An exact retyping of all lines below is the answer; pictures do not belong in it.

### [Exercise data]
========

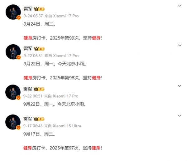 细心的网友发现,雷军每次晒健身打卡的时间都在早上7点前。即便冬天也雷打不动,这种自律程度,让不少健身爱好者都自愧不如。
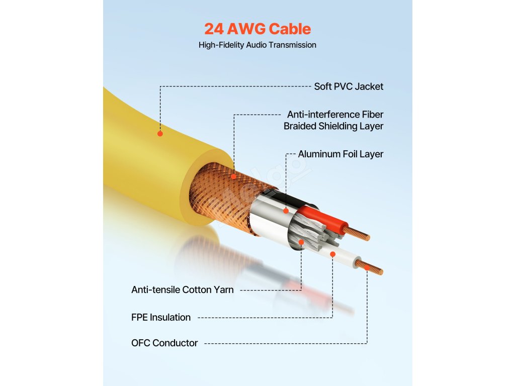 Tento 24 AWG XLR kábel sa môže pochváliť vysokou vernosťou prenosu zvuku. Je vybavený tieniacou vrstvou proti rušeniu, ktorá účinne znižuje rôzne rušivé vplyvy a zabezpečuje vysoko verný prenos zvuku.
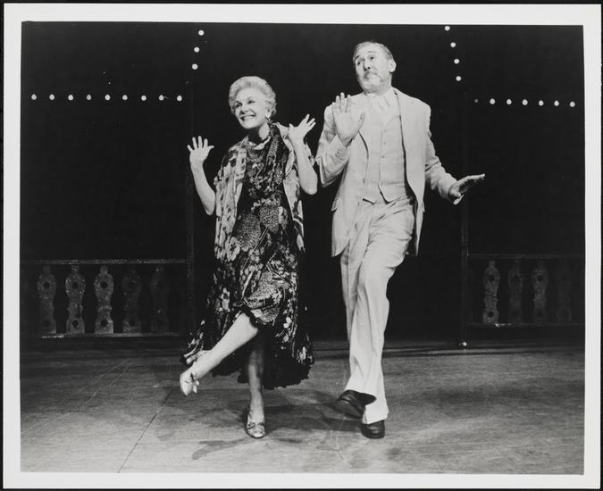 [Mary Martin as Lidya Vasilyevna and Anthony Quayle as Rodion Nikolayevich in "Do You Turn Somersaults?".]
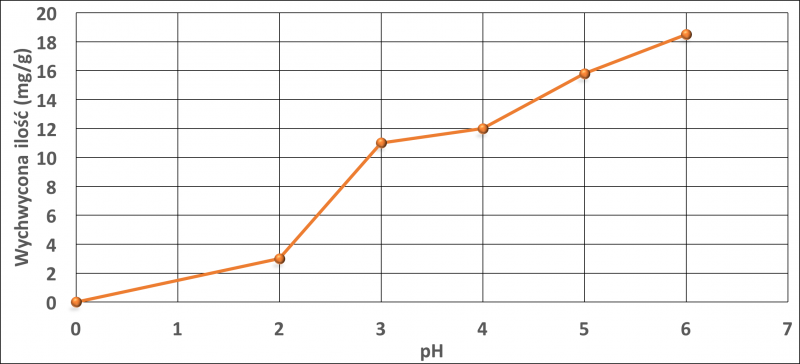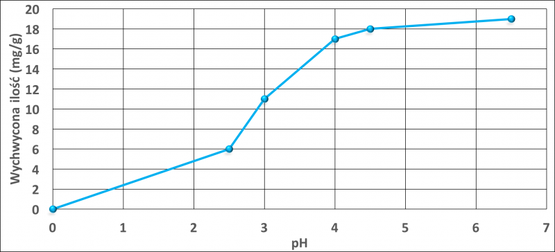 Rys. 1. Wpływ pH na wychwyt miedzi przez torf przy początkowym stężeniu 100 mg / l w 25°C. Rysunek wykonany na podstawie danych w pracy [18].

========

### [Solved exercise]
 细心的网友发现,雷军每次晒健身打卡的时间都在早上7点前。即便冬天也雷打不动,这种自律程度,让不少健身爱好者都自愧不如。
 Tento 24 AWG XLR kábel sa môže pochváliť vysokou vernosťou prenosu zvuku. Je vybavený tieniacou vrstvou proti rušeniu, ktorá účinne znižuje rôzne rušivé vplyvy a zabezpečuje vysoko verný prenos zvuku.
 [Mary Martin as Lidya Vasilyevna and Anthony Quayle as Rodion Nikolayevich in "Do You Turn Somersaults?".]
 Rys. 1. Wpływ pH na wychwyt miedzi przez torf przy początkowym stężeniu 100 mg / l w 25°C. Rysunek wykonany na podstawie danych w pracy [18].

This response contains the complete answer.